When she heard the bolts of the front door (four bolts, solid steel, adding up to the metal reinforcing the door itself and the lock with a six-digit code – she couldn't see at all why people called Littlefinger paranoid), it was late, well past midnight. It wasn't unusual.

She would have called him a workaholic, if he had been a little more serious about what he did. But he mocked everything that had bought him his wealth and his power, not even stopping at mocking himself. The mockingbird on his tie pin was damn well chosen.

He came in without a word just like most nights, didn't turn on the light. He closed the door gently and turned the key in the lock, glancing at her over his shoulder with a hint of a mocking smile.

"A good girl would be sleeping."

Sansa smiled faintly. She knew the answer to that. "And a decent man would have knocked."

"The door was open."

"A decent man still would have knocked. I might have been asleep. Indisposed."

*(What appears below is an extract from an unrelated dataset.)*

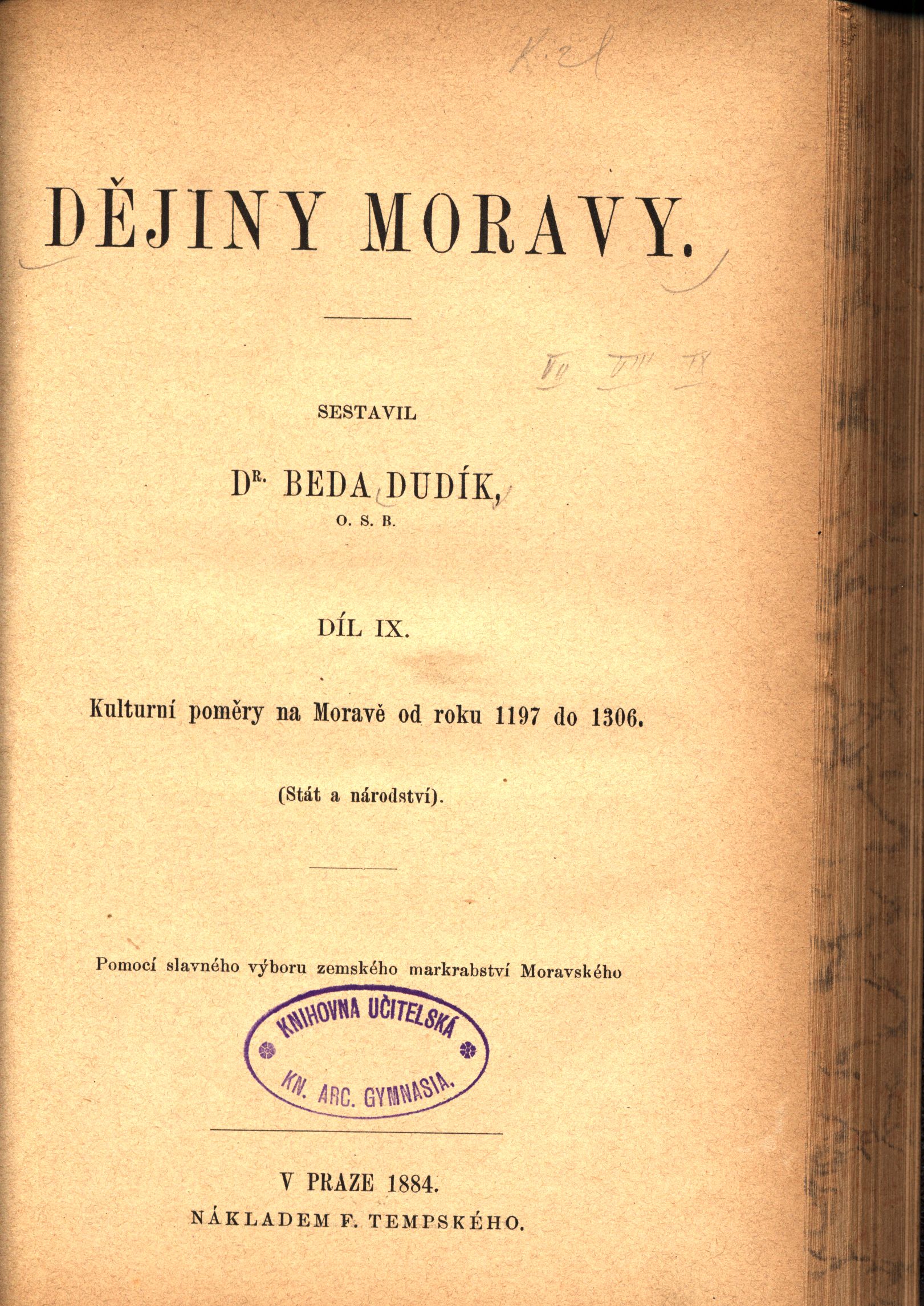 Názvové údaje Dějiny Moravy. Díl IX, Kulturní poměry na Moravě od roku 1197 do 1306 (Stát a národství) / sestavil Beda Dudík Osobní jméno Dudík, Beda, 1815-1890 (Autor) Další autoři Tempsky, Friedrich, 1821-1902 (Nakladatel, vydavatel) Korp. Andreas Haase (nakladatelství a tiskárna) (Tiskař) Nakladatel V Praze : nákladem B. Tempského, 1884 Výrobce C. k. dvorní kněhtiskárna A. Haase Rozsah 299 stran ; 21 cm ISBN (Vázáno) Země vyd. Česko Jazyk dok. čeština Poznámky [Vydáno] pomocí slav. výboru zemského markrabství Moravského (titulní list).

There was a mirthful spark in his grey-green eyes, mocking, a little dirty, too. "Naked?"

"You're such a child."

"Yes, but God knows what people might do if they found out how immature I am deep down," he replied with a shrug and loosened his tie. "So please keep your pretty mouth shut."

"Or what?"

"Or I might have to get you killed, sweetling," he replied, his voice tender and earnest. His sharp eyes stripping her bare.

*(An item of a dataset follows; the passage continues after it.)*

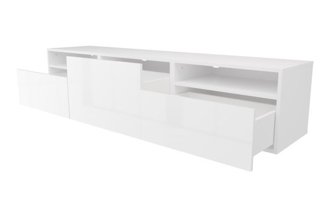 Cabinet with 3 drawers and 2 shelves Oscar Amika 180×38 with push to open, white / white gloss
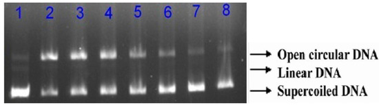 Protection of RPP with different concentrations on 2,2-azobis-2-methylpropion-amidine dihydrochloride (AAPH)-induced supercoiled plasmid DNA strand breakage. Lanes: 1, control (DNA only); 2, DNA + AAPH; 3–4, DNA + AAPH + RPP of 20 μg/mL; 5–6, DNA + AAPH + RPP of 40 μg/mL; 7–8, DNA + AAPH + RPP of 60 μg/mL.

"And here I was, thinking I could get through just one day without someone threatening to kill me," she muttered, shaking her head and slipped off the bed. There was only one way to elude Petyr's relentless eyes.

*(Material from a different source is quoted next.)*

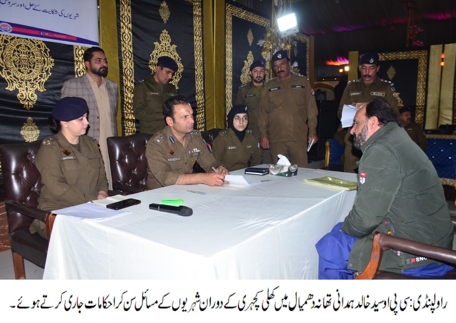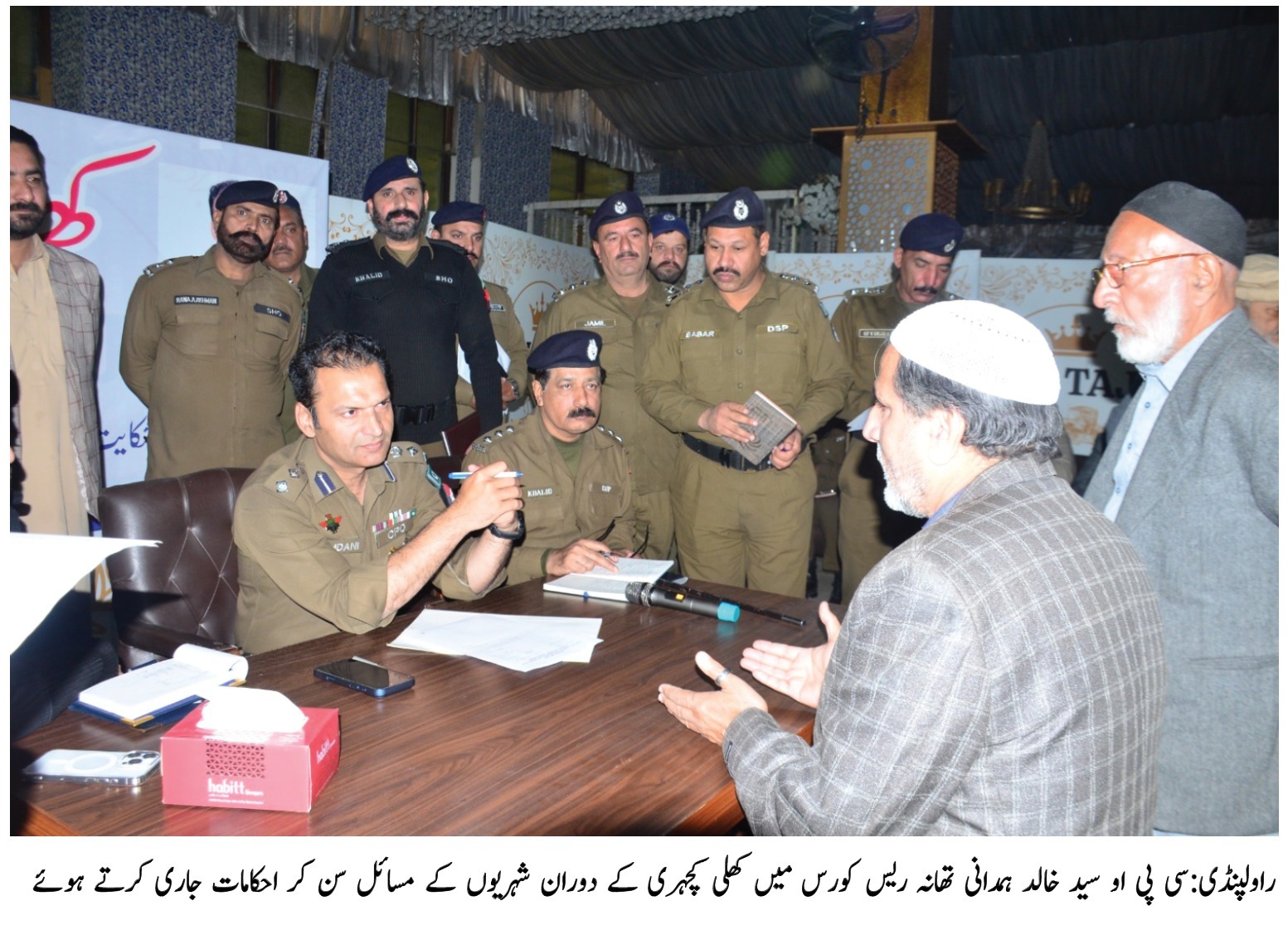 راولپنڈی (ٹی این ایس) وزیر اعلیٰ پنجاب کے ویژن کے مطابق سی پی او سید خالد ہمدانی کی تھانہ دھمیال اور تھانہ ریس کورس میں کھلی کچہری، ایس ایس پی انوسٹی گیشن،ڈویژنل ایس پیز، ایس ڈی پی اوز، ایس ایچ اوز اور تفتیشی افسران بھی موجود تھے، کھلی کچہری میں سول سوسائٹی، امن کمیٹی، انجمن تاجران سمیت شہریوں کی کثیر تعداد میں شرکت، سی پی او نے شہریوں کے مسائل سنے اور ان کے حل کے لیے موقعہ پر احکامات جاری کیے، سی پی او نے تھانہ پیرودھائی میں تعینات ا ے ایس آئی نور خان کو ناقص تفتیش پر معطل کر دیا، تھانہ دھمیال کے ایریا میں ریڑھی اور رکشوں پر لاؤڈ سپیکر کا استعمال کرنے والے افراد کے خلاف کارروائی کا حکم، شہریوں کی جانب سے جرائم پر موثر کنٹرول، سٹریٹ کرائم اور منشیات کے ناسور کے خلاف کریک ڈاؤن پر راولپنڈی پولیس کی کارکردگی کو سراہا گیا، پچھلی کھلی کچہری میں درخواست دی تھی میرے بیٹے کے قاتل کو کیفر کردار تک پہنچایا گیا، انصاف کی فراہمی پر شکر گزار ہوں، سی پی او اور ایس ایچ او دھمیال کا شکریہ، شہری، وزیر اعلیٰ پنجاب کی ہدایات کی روشنی میں شہریوں کے جان و مال کا تحفظ اور سہولیات کی فراہمی اوّلین ترجیح ہے، سی پی او سید خالد ہمدانی۔ تفصیلات کے مطابق وزیر اعلیٰ پنجاب کے ویژن کے مطابق سی پی او سید خالد ہمدانی کی تھانہ دھمیال اور تھانہ ریس کورس میں کھلی کچہری کا انعقاد، ایس ایس پی انوسٹی گیشن،ڈویژنل ایس پیز، ایس ڈی پی اوز، ایس ایچ اوز اور تفتیشی افسران بھی موجود تھے، کھلی کچہری میں سول سوسائٹی، امن کمیٹی، انجمن تاجران سمیت شہریوں نے کثیر تعداد میں شرکت کی، سی پی او نے شہریوں کے مسائل سنے اور ان کے حل کے لیے موقعہ پر احکامات جاری کیے، سی پی او نے تھانہ پیرودھائی میں تعینات ا ے ایس آئی نور خان کو ناقص تفتیش پر معطل کر دیا، سی پی او نے تھانہ دھمیال کے ایریا میں ریڑھی اور رکشوں پر لاؤڈ سپیکر کا استعمال کرنے والے افراد کے خلاف کارروائی کا حکم دیا، شہریوں کی جانب سے جرائم پر موثر کنٹرول، سٹریٹ کرائم اور منشیات کے ناسور کے خلاف کریک ڈاؤن پر راولپنڈی پولیس کی کارکردگی کو سراہا گیا،کھلی کچہری کے دوران ایک شہری نے کہا کہ پچھلی کھلی کچہری میں درخواست دی تھی میرے بیٹے کے قاتل کو کیفر کردار تک پہنچایا گیا، انصاف کی فراہمی پر شکر گزار ہوں، سی پی او اور ایس ایچ او دھمیال کا شکریہ ادا کرتا ہوں، سی پی او سید خالد ہمدانی کا کہنا تھا کہ سروس ڈیلیوری، میرٹ اور قانون کی بالا دستی کو ہر صورت یقینی بنایا جائے گا، شہریوں کے جان و مال کا تحفظ اور سہولیات کی فراہمی اولین ترجیح ہے، وزیر اعلیٰ پنجاب کی ہدایات کی روشنی میں شہریوں کے جان و مال کا تحفظ اور سہولیات کی فراہمی اوّلین ترجیح ہے۔

She untied the plum-coloured tie and put it down on the drawer. A lazy smile tugged at the corner of his lips and he shoved the strap of her dress down her shoulder with a slow and deliberate movement, this chilling, strangely cold hunger smouldering in his eyes.

She trembled at his gentle touch, even after all this time, and for just a moment she couldn't help thinking of Sandor and of how drunk he'd always been, how often his love had left bruises. His huge hands had always been hot as if he had a fever, rough and hard as boiled leather.

Petyr had the lithe hands of a pianist, always cool and smooth as if he'd just washed them with cold water. His touch was always self-assured, always perfectly calculated, never harsh or violent. He had far better ways to hurt people than physical violence.

.

The loft was perfectly empty and quiet before her scream cut through the cold air, waking her with a start. Breathing heavily, she hugged her legs tightly to her body and rested her forehead on her knees, waiting for the panic to ease off.

"You're getting better." His grey-green eyes were like steel, sharp, clear and cold; yet when it was late or when she was a little drunk, she sometimes thought they were eyes like coals, dark and glowing with some deeply buried heat – Sandor's eyes.

"Wow. I wake up screaming in the middle of the night and you think that's a sign of healing?" she muttered without raising her head, not daring to see what colour his eyes might have now.

"You woke up screaming ever since you got here, but you used to scream his name," he gave back coolly.

"It's bad for you, isn't it?" Sansa asked wryly. "I mean, the more of a wreck I am, the easier it is to control me."

"Just because I'm using you, sweetling," he murmured, lifted her chin gently and kissed her, "that doesn't mean that I enjoy seeing you cry."

She turned her head away and squeezed her eyes shut, fighting back tears. She dropped back onto the pillow and pressed her face into the soft black silk.

"Sansa…"

She turned her back on him and thought of Sandor and the way he used to whisper her name at night, over and over, like a prayer. How it had always sounded so hushed, a little disbelieving, a little doubtful, and a little too reverent for such a godless man.

Petyr said her name just like it belonged there on his lips, as if it had been made to be formed by his mouth, the way everything he said fell from his lips in casual, almost perverted perfection. He had the most beautiful voice she'd ever heard. A voice born to lie.